Is it possible to start making more money after just one conversation? Yes, and in this article you’ll learn exactly how.
These steps will help you to better prepare for negotiation concerning your raise, enabling you to have a conversation with your boss confidently.
Step 1. 3 months before the conversation
When it comes to getting a raise, the key is to remember that it shouldn’t be about you. You should think about what you can do for your employer.
Telling them that you need a bigger salary because your expenses have raised is a bad strategy. However, you can explain to them how your efforts have clearly contributed to the company’s growth and ask for fair compensation.
This is the reason why you need to wait three months before asking for a raise, as during this time you’ll track everything connected to your performance and results. The latter is particularly essential, the company’s result is what really matters for your boss.
If it’s difficult to understand the precise results of your work, ask a more experienced colleague to help you out.

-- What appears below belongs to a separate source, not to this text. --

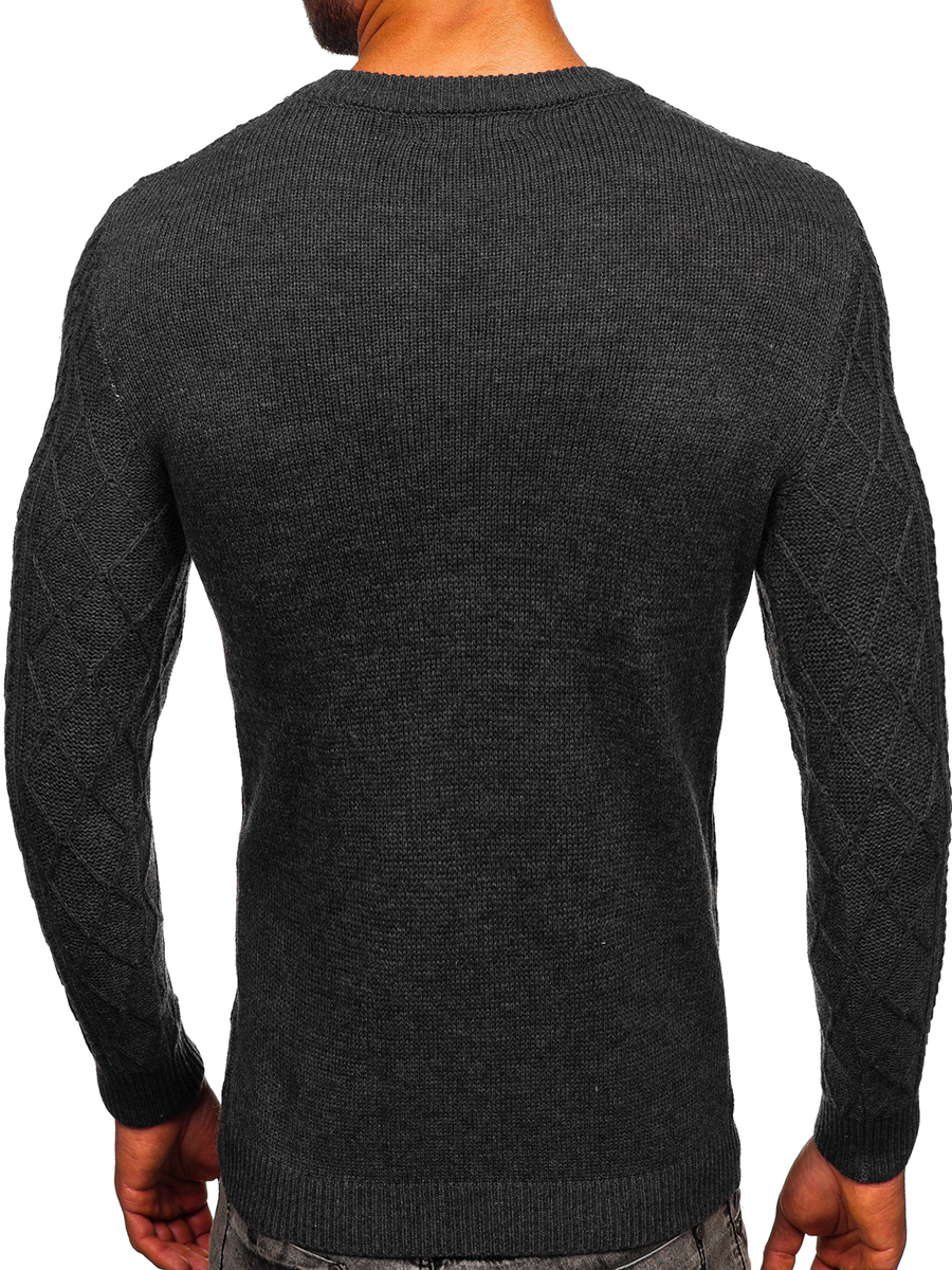 Графитеният мъжки пуловер Bolf MM6010 е с ежедневен характер. Има обло деколте, завършено с щрик. Вталената и семпла кройка кара всеки да изглежда изключително добре с него. Продуктът е изработен от деликатна, приятна на допир материя, която идеално прилепва по тялото. Долната част и ръкавите са завършени с щрикове, благодарение на които пуловерът стои перфектно на всяка фигура. Носете го на работа, в училище или на среща с приятели – какъвто и да е поводът, винаги ще изглеждате страхотно. Класическият пуловер чудесно се съчетава с дънки и кожено яке, създавайки идеалният тоалет за излизане в града.

Another important thing to do is to ask your boss if there are any ways for you to do your job better. Make sure that your intention to exceed expectations is clear and try to hint about future negotiation on compensation in the future.
- Measure your results using hard numbers if possible.
- Discuss the ways to improve your work performance with your boss.
Step 2. 2 months before the conversation.
Now you should meet your boss one more time to show them the results you’ve been measuring. Here you need to ask what you could do better.
This step is crucial for ensuring that you are on the right track. And even more importantly, you need to communicate a message that you’re a great employee to your boss.
Plus, by this time, you need to establish a goal salary you’d like to achieve. We can’t emphasize enough how important it is to have the exact salary goal in mind during the raise negotiations for them to be successful.
Why? Not only will it make you appear more professional in the eyes of your boss, but it will also help you to have more control over the conversation.
But don’t just run into the office and shout, “I want $100,000 a year!!!”
Rather show them how valuable you are; more on that in the video about the Briefcase Technique.
Before talking to your boss, do research about the average industry pay for what you do. There are some great resources for finding this information:
- Salary.com: This is a website where both employers and job seekers can analyze compensation rates for particular jobs in a huge range of companies.
- Glassdoor.com: This site has an amazingly helpful salary tool that shows you the national average salary for your job and the common rate of compensation in your area.
Other ways of finding out what you should expect include simply googling the information and talking to colleagues.
- Convince your boss that you’ve been working hard and tracking your results. Ask them whether you can improve anything.
- Define the exact salary goal you want to achieve. This will help you to be able to negotiate effectively.
Step 3. 1 month before the conversation
The time has come to finally mention to your boss that you’d like to talk about a raise in a meeting the next month.
Ask what is necessary to make the discussion fruitful and use this information later.
Also, identify problems in the company’s work and try to find ways to solve them.
- Plan a meeting to talk about compensation with your boss.
- Find some problems in your company and try to find the ways to solve them.
Step 4. 2 weeks before the conversation
People lose so much money because they are afraid of negotiations with their bosses. That’s why you need to practice beforehand.
You ask a friend or family member to help you with this.
Prepare responses for these questions and practice answering them:
“What do you expect in terms of salary?”
We’ve talked about this – have a number in mind and the justification for it.
The next thing you’re likely to hear is something like “We can’t afford to pay you more.”
It’s likely to be completely false to discourage you.
“How much do you earn now?”
Here your employer is trying to see whether you’re getting the industry average. Even if you are, prove (using facts) why your performance is better than the average and should be compensated accordingly.
- Find people who can help you practice the negotiations. Make sure to get honest feedback.
- Think about decent answers to the questions you might be asked.
All in all, the ability to negotiate successfully is a skill – you have to practice to be successful at it. Use these tips and prepare well, we’re sure you’ll do just fine!